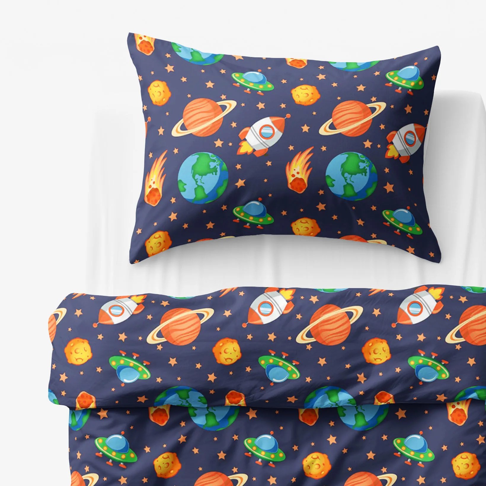 Detské obliečky pre odvážnych dobyvateľov neznámych galaxií. Zelení ufúni sú vám v pätách, ale vaša raketa letí na najvyšší pohon. Z nej uvidíte ostatné planéty ako na dlani a rodičom môžete dole na Zemi veselo zamávať. Ale teraz treba spať, aby vám nedošlo palivo.
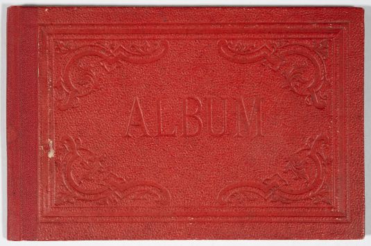 Einband: rotes Leder, in Prägedruck „Album“, roter Leinenrücken
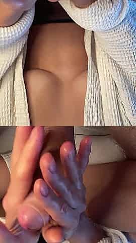 This guy Plays With My Bazookas And Cums On My Fishnet Brassiere
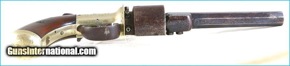 Description: T.K. BAKER, LONDON A .54 caliber PERCUSSION TRANSITIONAL REVOLVER, MODEL 'BAKER'S PATENT REVOLVING LEVER COCK PISTOL', The back strap has the serial number ("No. 1098.") The top of the frame is marked "REGISTERED/APRIL 24 1852." circa 1850's, Has an octagonal 5 1/2 inch barrel. London's Birmingham proof marks on the cylinder, and is a plain six-shot revolver, with rounded boxlock border and scroll engraved action signed 'T.K. BAKER LONDON'... There is a sliding safety on the left, and a central bar hammer signed 'BAKER'S PATENT' with a "Long Cocking Spur Hammer", the revolver has fine Walnut grips and a guarded single action trigger. The long spur hammer has been repaired. This old chesnut still indexes, cocks, and fires. These early TRANSITION REVOLVERS have a certain elegance all their own. SOLD Antique: Yes |
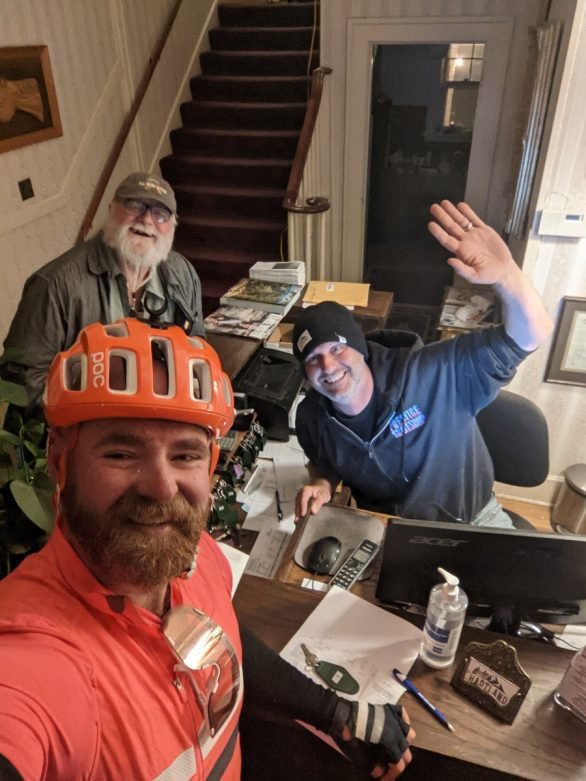 I roll into New Meadows just after 10:30pm. Unexpectedly the convenience store, Browns Mountain Market is still open and I pop in to buy a sandwich and chocolate milk for dinner. I have no idea of accommodation options and ask the friendly clerk for a tip. There are 2 hotels in town, opposite each other just off the main street to the left. I chose the one that looks more open, the Hartland Inn, wisely as it turns out as the manager was expecting me! He had been keeping a keen eye on Trackleaders.
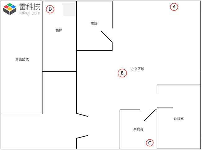 先来看一张测试环境的空间草图,其中,A点为萤石W1路由器放置点,B、C、D均为测试点,其中A点距离B点7米左右,其余均按大概比例测绘,其它点的距离可参考AB点距离估值。
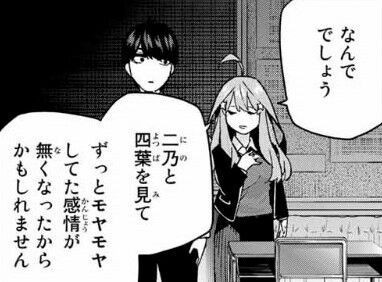 五月推しとしては好意が示されてそれに決着がつけられただけまだよかったとはいえ、最終回に向けた後処理みたいな形のものじゃなく風太郎が答えを出す前に自覚するシーンなり読者へのはっきりとした提示をしてほしかった。1人だけヒロインとしての扱われ方が違いすぎてモヤモヤする>>977
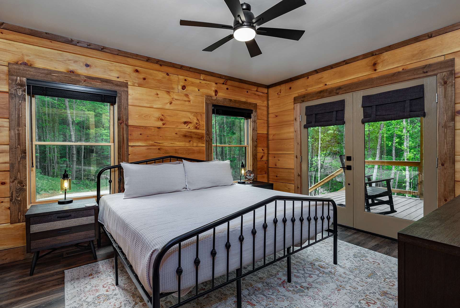 All cabins are NON-SMOKING and NO VAPING allowed indoors. If this regulation is violated and smoking is detected in the cabin, a $500 fine will be charged to the credit card on file for specialty cleaning and laundering services to remove odor from all soft surfaces within property. The tenant is liable for the expense to repair burns to furniture, bedding, carpet or other flooring. Tenant is liable for any lost revenue to property if next tenant must be transferred to a different property while odor mitigation and repairs are completed.
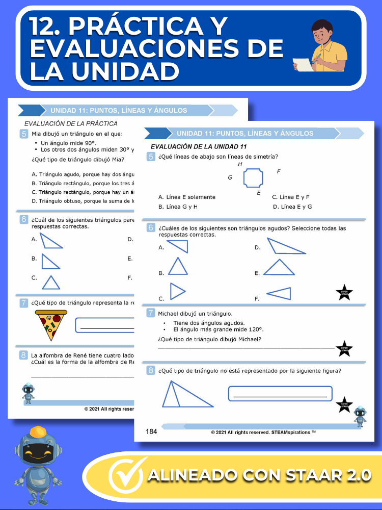 Prácticas y Evaluaciones de Unidades: Reflejando el rigor del examen STAAR, cada unidad incluye una evaluación de práctica y una evaluación de unidad integral con preguntas STAAR 2.0.
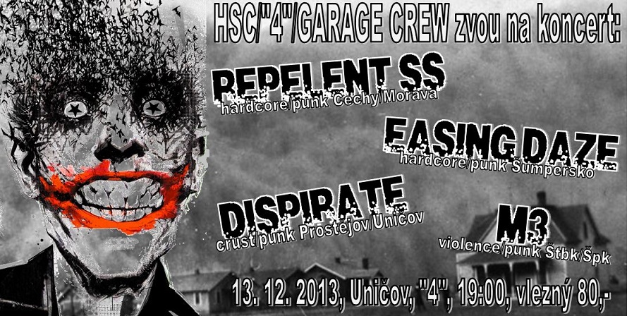 REPELENT SS - nová kapela lidí, kteří za sebou mají působení nebo působí v kapelách Mindlock, Gospel Of the Future, Kevorkian, Flowers For Whores, Dussander, Proletáři všech zemí, Tummo, Quentin Tarantino, Mother, Tomáš Palucha. Rychlý hardcore kanadské školy s crustovým nádechem pro fans Left For Dead, The Swärm, Acrid !!! http://repelentss.bandcamp.com/
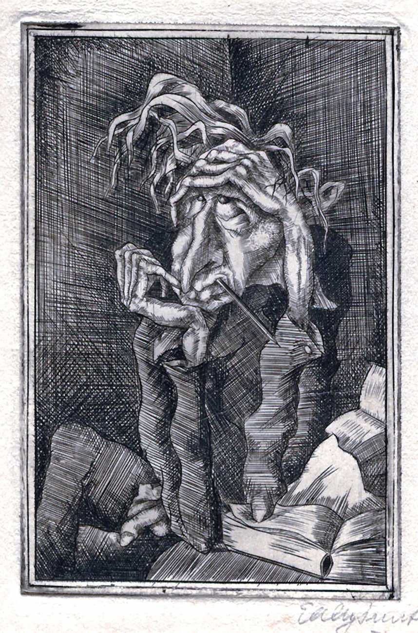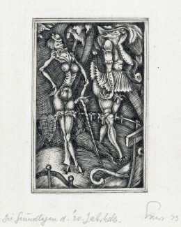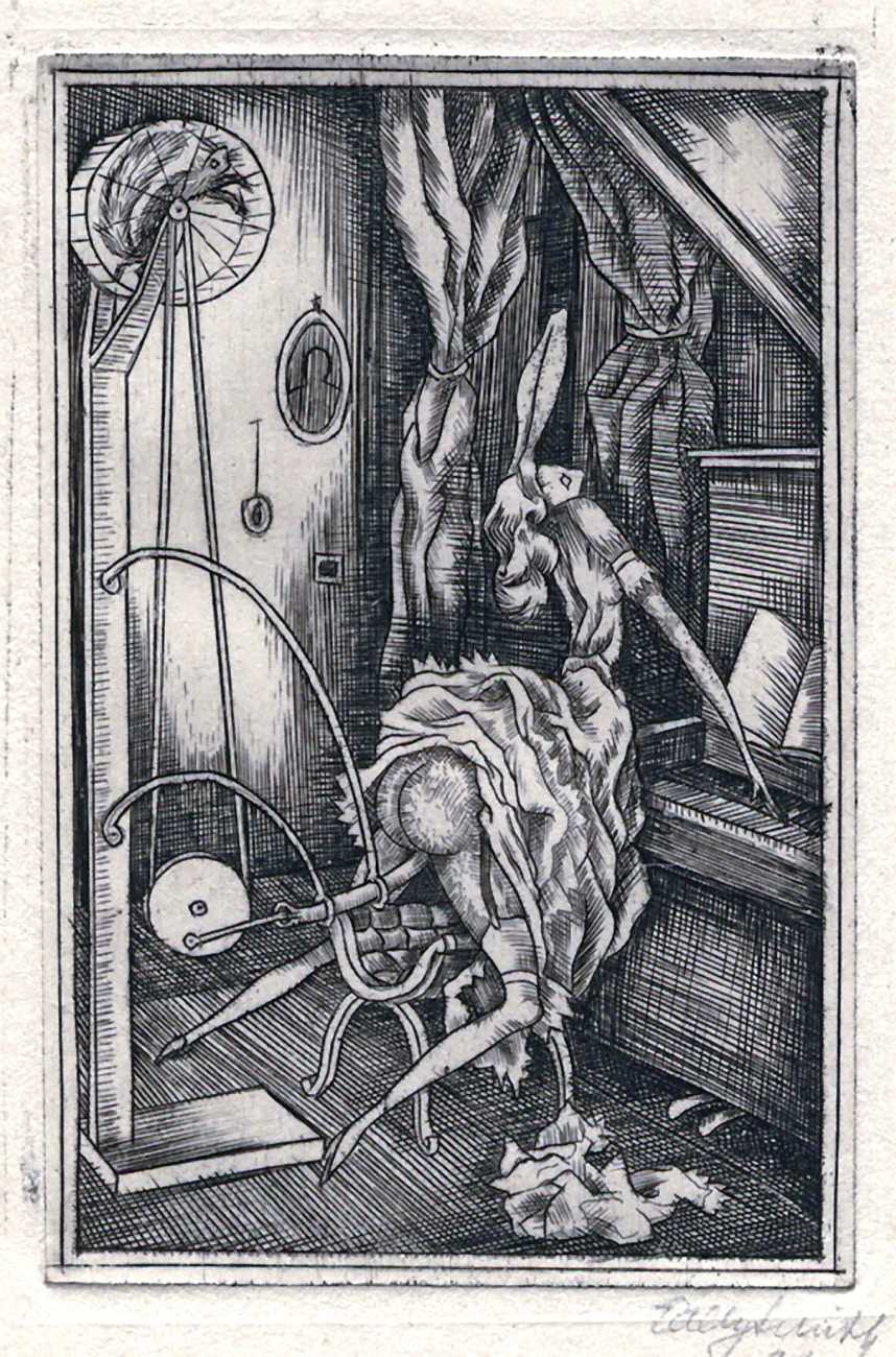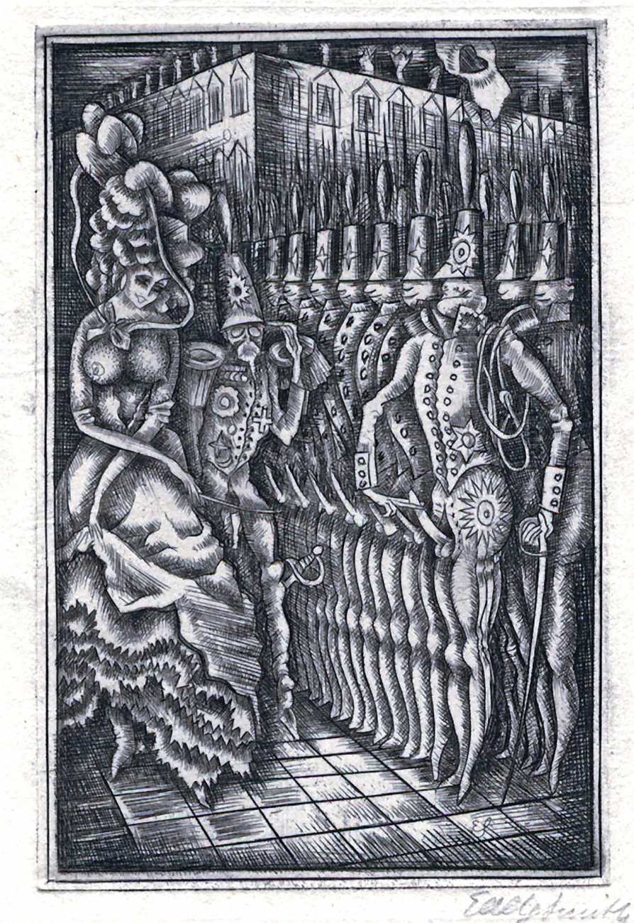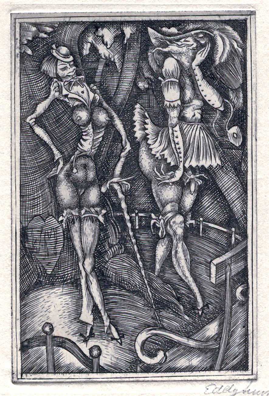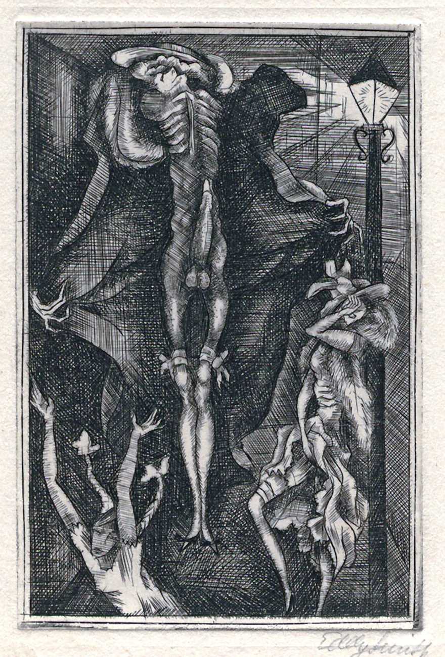 This portfolio of ten engravings from copper (Kupferstiche), created in Weimar Berlin as the city recovered from the First World War and around the time the artist was deeply in love (and presumably also in lust) with Asta von Friedrichs, is full of detail and telling symbolism. The suite is often called Die Grundlagen des 20 Jahrhunderts (The Foundations of the 20th Century) after the title of the first print, and sometimes Die Muse der Sodomie (The Muse of Sodomy), but neither title is the artist’s.
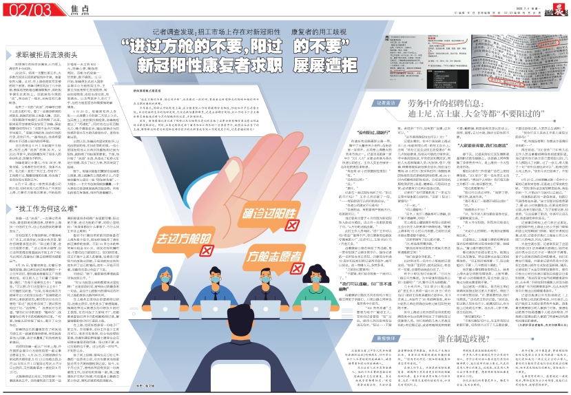 “进过方舱的不要,阳过的不要” 新冠阳性康复者求职屡屡遭拒

◇ ◇ ◇ ◇ ◇ ◇ ◇

What is required: Print, word for word, every entry shown above; the pictures stay out.

Response to the exercise:
 Detské obliečky pre odvážnych dobyvateľov neznámych galaxií. Zelení ufúni sú vám v pätách, ale vaša raketa letí na najvyšší pohon. Z nej uvidíte ostatné planéty ako na dlani a rodičom môžete dole na Zemi veselo zamávať. Ale teraz treba spať, aby vám nedošlo palivo.
 Einband: rotes Leder, in Prägedruck „Album“, roter Leinenrücken
 This guy Plays With My Bazookas And Cums On My Fishnet Brassiere
 Description: T.K. BAKER, LONDON A .54 caliber PERCUSSION TRANSITIONAL REVOLVER, MODEL 'BAKER'S PATENT REVOLVING LEVER COCK PISTOL', The back strap has the serial number ("No. 1098.") The top of the frame is marked "REGISTERED/APRIL 24 1852." circa 1850's, Has an octagonal 5 1/2 inch barrel. London's Birmingham proof marks on the cylinder, and is a plain six-shot revolver, with rounded boxlock border and scroll engraved action signed 'T.K. BAKER LONDON'... There is a sliding safety on the left, and a central bar hammer signed 'BAKER'S PATENT' with a "Long Cocking Spur Hammer", the revolver has fine Walnut grips and a guarded single action trigger. The long spur hammer has been repaired. This old chesnut still indexes, cocks, and fires. These early TRANSITION REVOLVERS have a certain elegance all their own. SOLD Antique: Yes |
 I roll into New Meadows just after 10:30pm. Unexpectedly the convenience store, Browns Mountain Market is still open and I pop in to buy a sandwich and chocolate milk for dinner. I have no idea of accommodation options and ask the friendly clerk for a tip. There are 2 hotels in town, opposite each other just off the main street to the left. I chose the one that looks more open, the Hartland Inn, wisely as it turns out as the manager was expecting me! He had been keeping a keen eye on Trackleaders.
 先来看一张测试环境的空间草图,其中,A点为萤石W1路由器放置点,B、C、D均为测试点,其中A点距离B点7米左右,其余均按大概比例测绘,其它点的距离可参考AB点距离估值。
 五月推しとしては好意が示されてそれに決着がつけられただけまだよかったとはいえ、最終回に向けた後処理みたいな形のものじゃなく風太郎が答えを出す前に自覚するシーンなり読者へのはっきりとした提示をしてほしかった。1人だけヒロインとしての扱われ方が違いすぎてモヤモヤする>>977
 All cabins are NON-SMOKING and NO VAPING allowed indoors. If this regulation is violated and smoking is detected in the cabin, a $500 fine will be charged to the credit card on file for specialty cleaning and laundering services to remove odor from all soft surfaces within property. The tenant is liable for the expense to repair burns to furniture, bedding, carpet or other flooring. Tenant is liable for any lost revenue to property if next tenant must be transferred to a different property while odor mitigation and repairs are completed.
 Prácticas y Evaluaciones de Unidades: Reflejando el rigor del examen STAAR, cada unidad incluye una evaluación de práctica y una evaluación de unidad integral con preguntas STAAR 2.0.
 REPELENT SS - nová kapela lidí, kteří za sebou mají působení nebo působí v kapelách Mindlock, Gospel Of the Future, Kevorkian, Flowers For Whores, Dussander, Proletáři všech zemí, Tummo, Quentin Tarantino, Mother, Tomáš Palucha. Rychlý hardcore kanadské školy s crustovým nádechem pro fans Left For Dead, The Swärm, Acrid !!! http://repelentss.bandcamp.com/
 This portfolio of ten engravings from copper (Kupferstiche), created in Weimar Berlin as the city recovered from the First World War and around the time the artist was deeply in love (and presumably also in lust) with Asta von Friedrichs, is full of detail and telling symbolism. The suite is often called Die Grundlagen des 20 Jahrhunderts (The Foundations of the 20th Century) after the title of the first print, and sometimes Die Muse der Sodomie (The Muse of Sodomy), but neither title is the artist’s.
 “进过方舱的不要,阳过的不要” 新冠阳性康复者求职屡屡遭拒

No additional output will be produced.